## How to complete this task
Copy out the entries below exactly as they stand, but only from the line containing "(ii) Since 5" through the line containing "Wir haben eine".

## Supplied data
_ _ _ _

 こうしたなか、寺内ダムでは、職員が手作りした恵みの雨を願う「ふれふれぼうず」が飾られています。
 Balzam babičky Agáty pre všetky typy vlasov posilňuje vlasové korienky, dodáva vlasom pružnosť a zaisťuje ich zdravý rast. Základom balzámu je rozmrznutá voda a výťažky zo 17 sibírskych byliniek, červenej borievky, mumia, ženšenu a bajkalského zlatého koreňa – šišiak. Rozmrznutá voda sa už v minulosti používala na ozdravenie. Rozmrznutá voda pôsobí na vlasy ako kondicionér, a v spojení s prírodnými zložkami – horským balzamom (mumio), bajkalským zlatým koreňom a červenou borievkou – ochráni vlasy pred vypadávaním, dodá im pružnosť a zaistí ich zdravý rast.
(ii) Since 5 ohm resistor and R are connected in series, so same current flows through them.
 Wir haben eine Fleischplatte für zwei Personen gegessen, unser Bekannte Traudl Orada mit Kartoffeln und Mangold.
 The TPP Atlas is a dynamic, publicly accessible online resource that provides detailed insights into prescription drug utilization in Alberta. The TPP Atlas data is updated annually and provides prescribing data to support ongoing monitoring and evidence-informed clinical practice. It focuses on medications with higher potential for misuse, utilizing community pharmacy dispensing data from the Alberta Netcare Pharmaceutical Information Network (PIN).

_ _ _ _

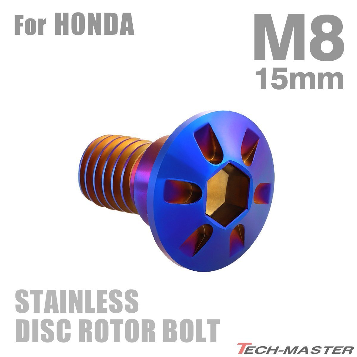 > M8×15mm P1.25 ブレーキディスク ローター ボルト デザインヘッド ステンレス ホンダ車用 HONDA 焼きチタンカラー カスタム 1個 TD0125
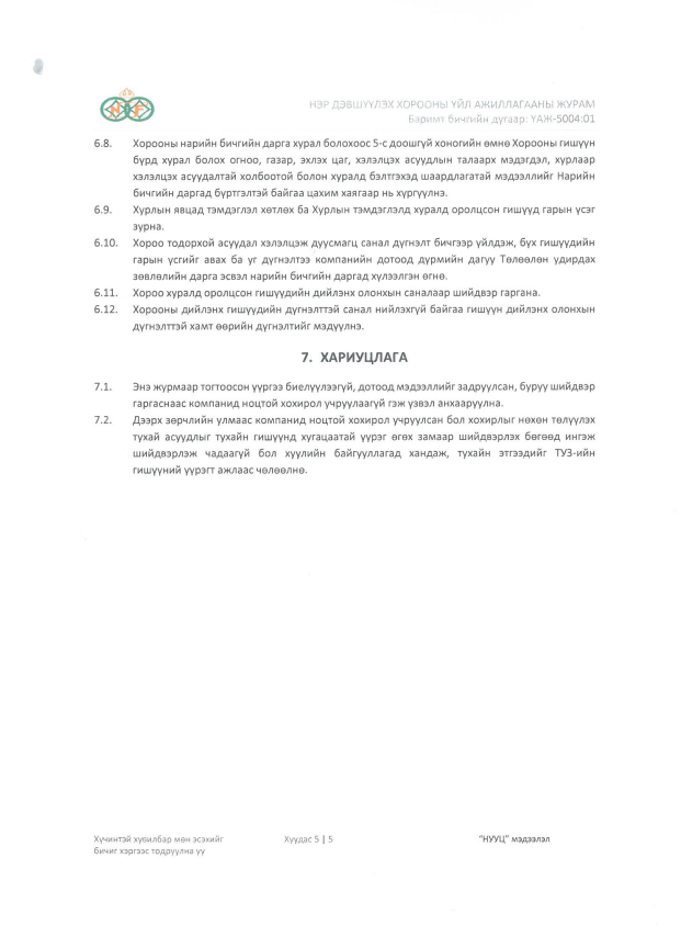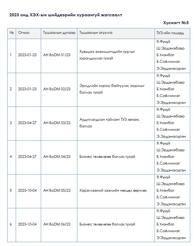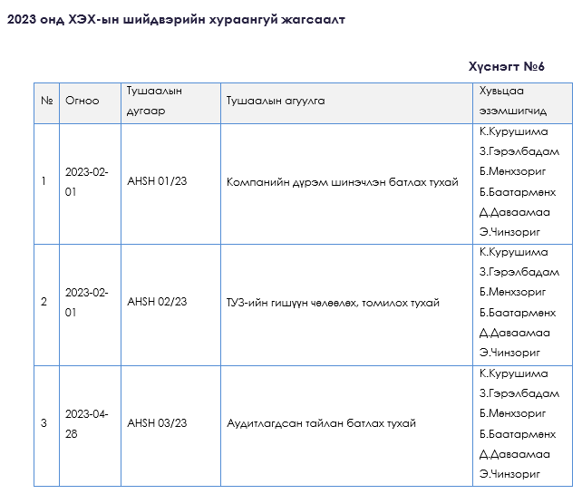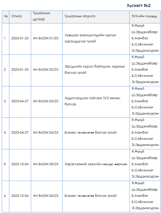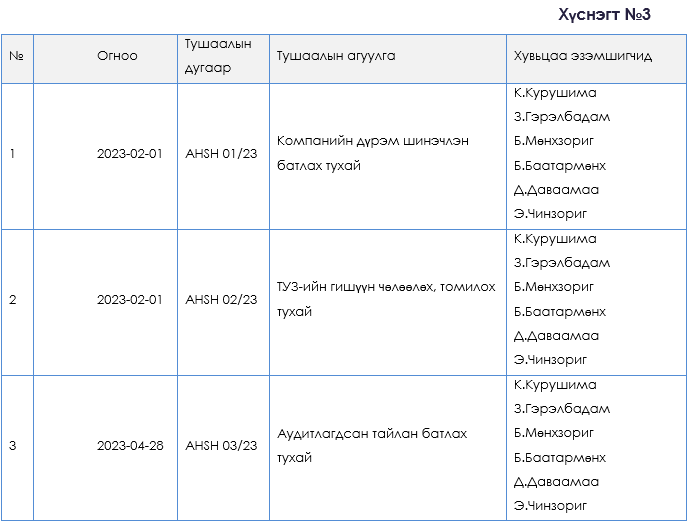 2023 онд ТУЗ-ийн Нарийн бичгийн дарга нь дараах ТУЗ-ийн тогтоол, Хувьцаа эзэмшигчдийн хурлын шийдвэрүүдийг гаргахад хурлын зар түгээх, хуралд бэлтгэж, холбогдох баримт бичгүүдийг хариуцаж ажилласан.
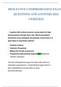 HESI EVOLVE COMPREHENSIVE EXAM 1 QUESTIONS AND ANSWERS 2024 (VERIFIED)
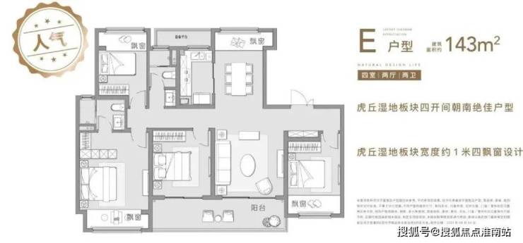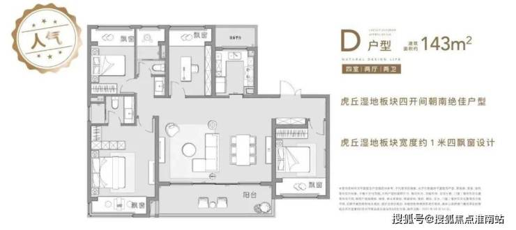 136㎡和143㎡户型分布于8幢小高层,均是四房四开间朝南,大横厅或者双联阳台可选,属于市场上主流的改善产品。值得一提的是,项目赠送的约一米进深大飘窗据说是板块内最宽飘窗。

_ _ _ _

## Solution for this task
(ii) Since 5 ohm resistor and R are connected in series, so same current flows through them.
 Wir haben eine Fleischplatte für zwei Personen gegessen, unser Bekannte Traudl Orada mit Kartoffeln und Mangold.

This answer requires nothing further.